Exercise description:
With the pictures left out, print exactly the lines below that run from the one containing "La noticia ha" through the one containing "Ta sodobna toaletna".

Exercise data:
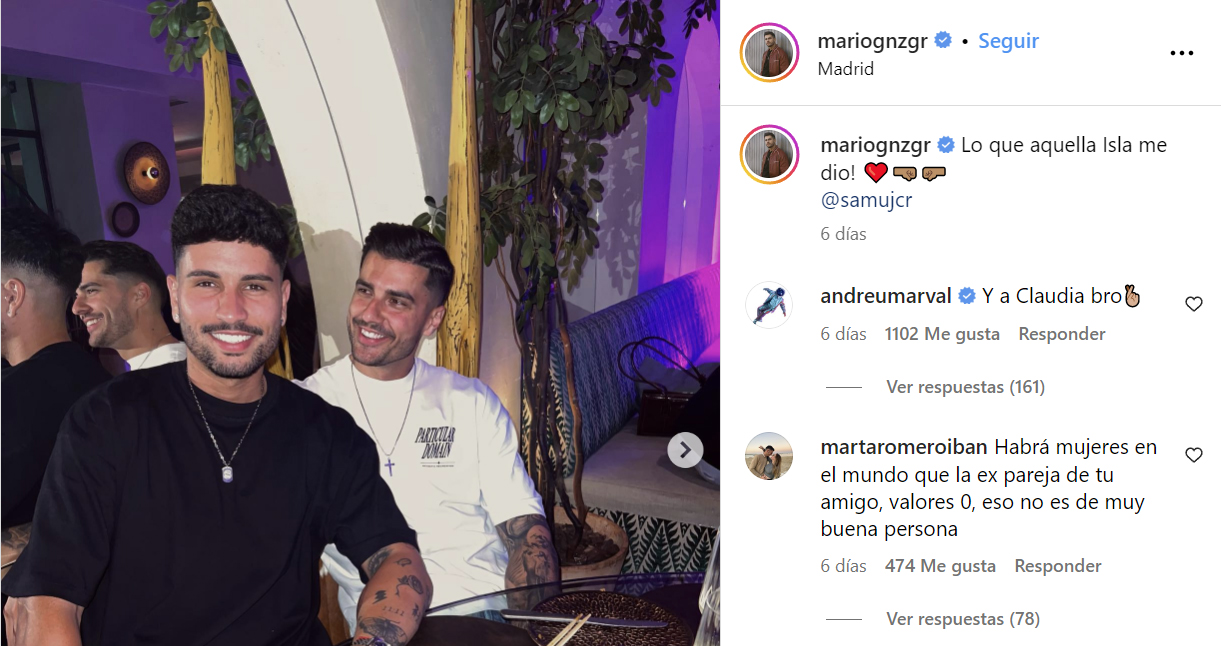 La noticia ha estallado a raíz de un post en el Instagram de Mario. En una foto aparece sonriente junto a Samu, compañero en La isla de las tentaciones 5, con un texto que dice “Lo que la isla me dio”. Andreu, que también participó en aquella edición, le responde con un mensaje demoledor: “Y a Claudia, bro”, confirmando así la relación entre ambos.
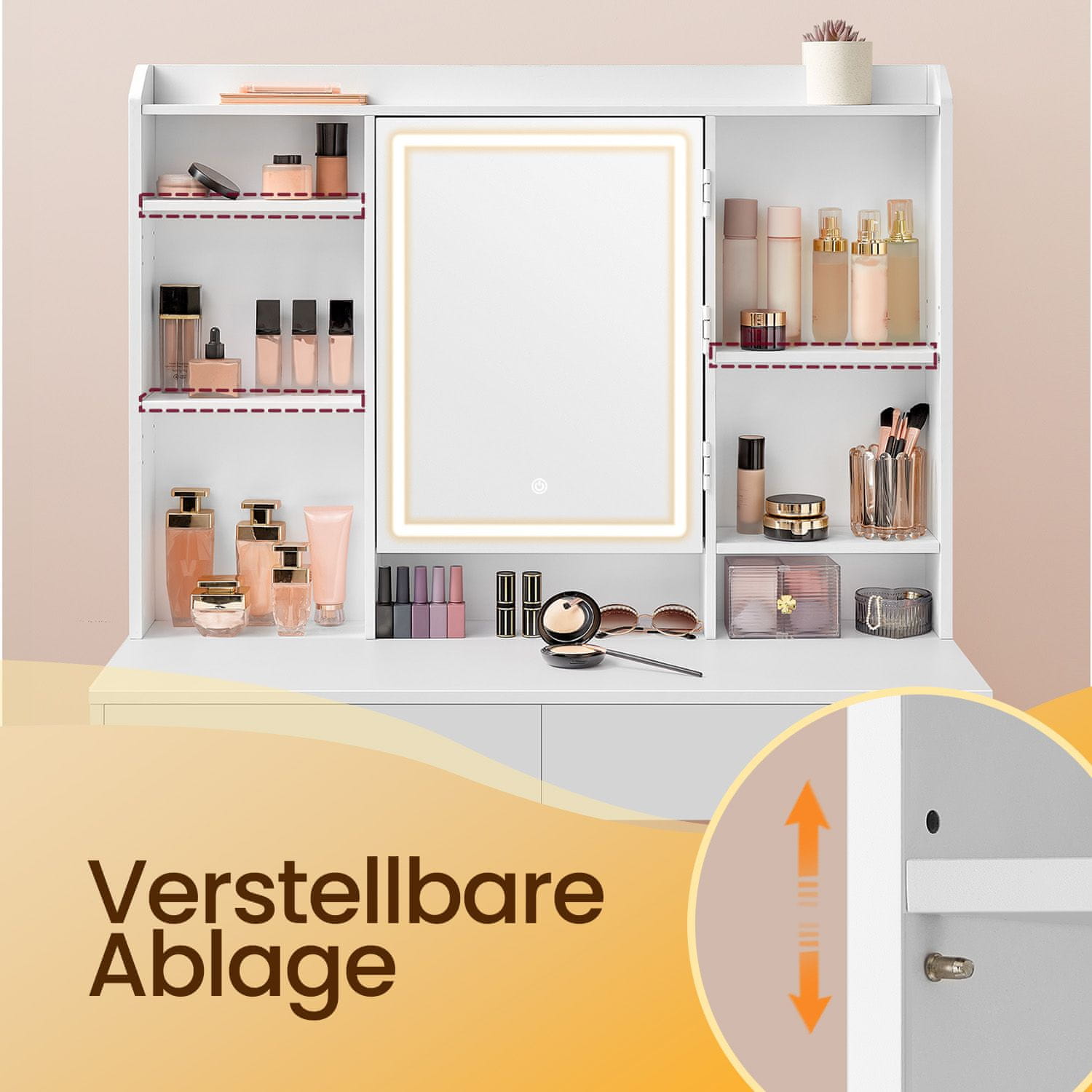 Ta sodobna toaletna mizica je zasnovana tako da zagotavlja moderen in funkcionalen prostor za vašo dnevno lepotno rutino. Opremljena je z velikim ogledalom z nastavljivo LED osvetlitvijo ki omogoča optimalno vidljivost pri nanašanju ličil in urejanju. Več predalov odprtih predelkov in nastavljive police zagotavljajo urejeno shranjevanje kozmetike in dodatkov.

---

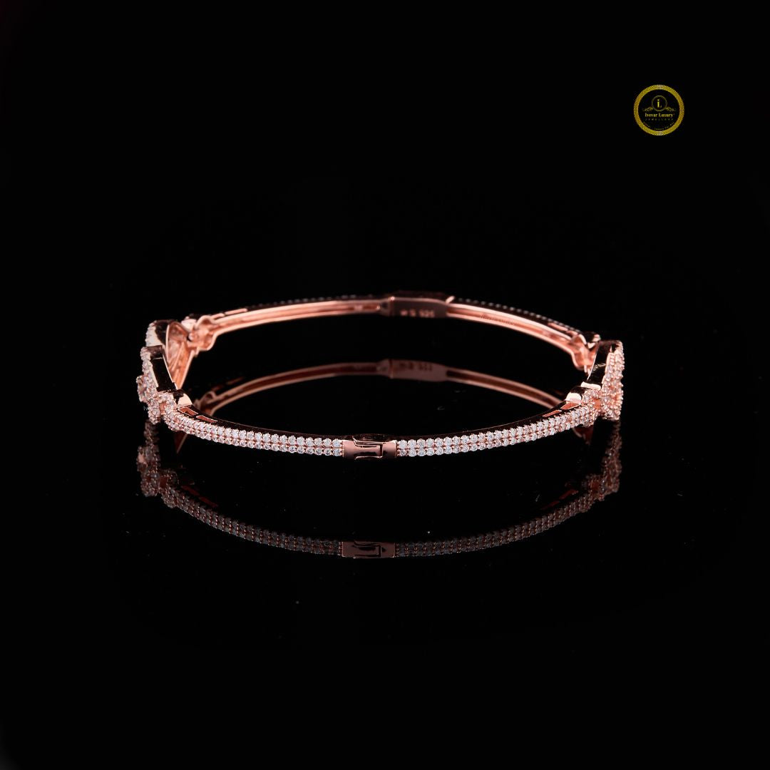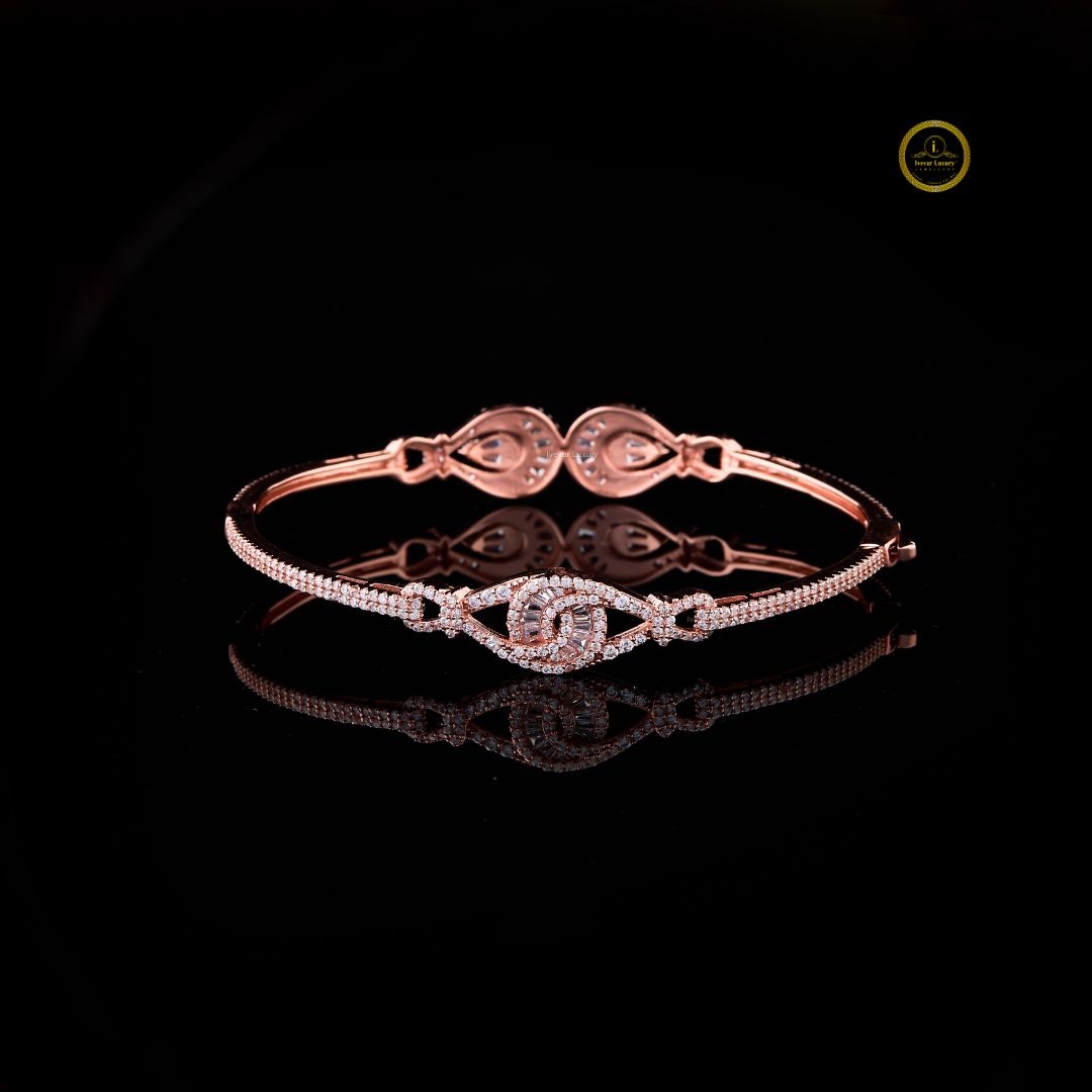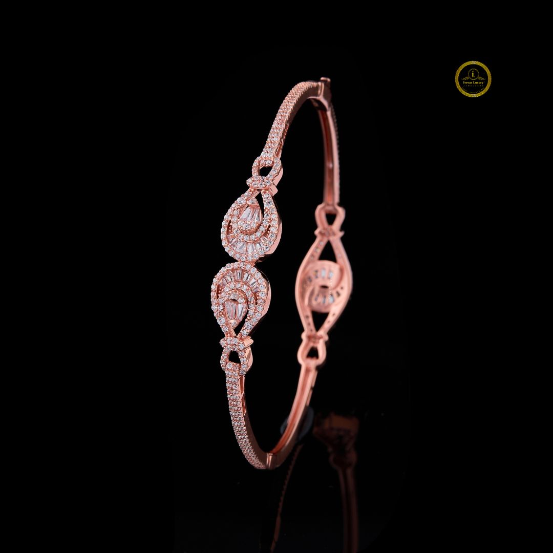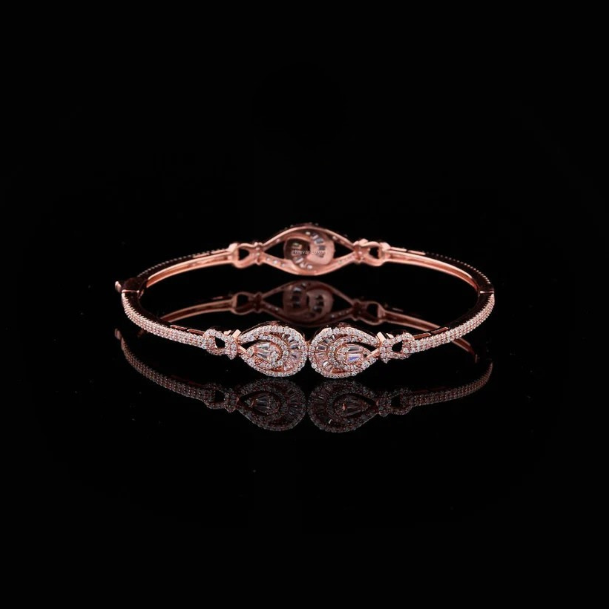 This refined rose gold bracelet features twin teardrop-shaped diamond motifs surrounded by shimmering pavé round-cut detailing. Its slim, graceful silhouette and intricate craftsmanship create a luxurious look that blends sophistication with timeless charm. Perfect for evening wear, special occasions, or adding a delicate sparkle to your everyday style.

Task result:
 La noticia ha estallado a raíz de un post en el Instagram de Mario. En una foto aparece sonriente junto a Samu, compañero en La isla de las tentaciones 5, con un texto que dice “Lo que la isla me dio”. Andreu, que también participó en aquella edición, le responde con un mensaje demoledor: “Y a Claudia, bro”, confirmando así la relación entre ambos.
 Ta sodobna toaletna mizica je zasnovana tako da zagotavlja moderen in funkcionalen prostor za vašo dnevno lepotno rutino. Opremljena je z velikim ogledalom z nastavljivo LED osvetlitvijo ki omogoča optimalno vidljivost pri nanašanju ličil in urejanju. Več predalov odprtih predelkov in nastavljive police zagotavljajo urejeno shranjevanje kozmetike in dodatkov.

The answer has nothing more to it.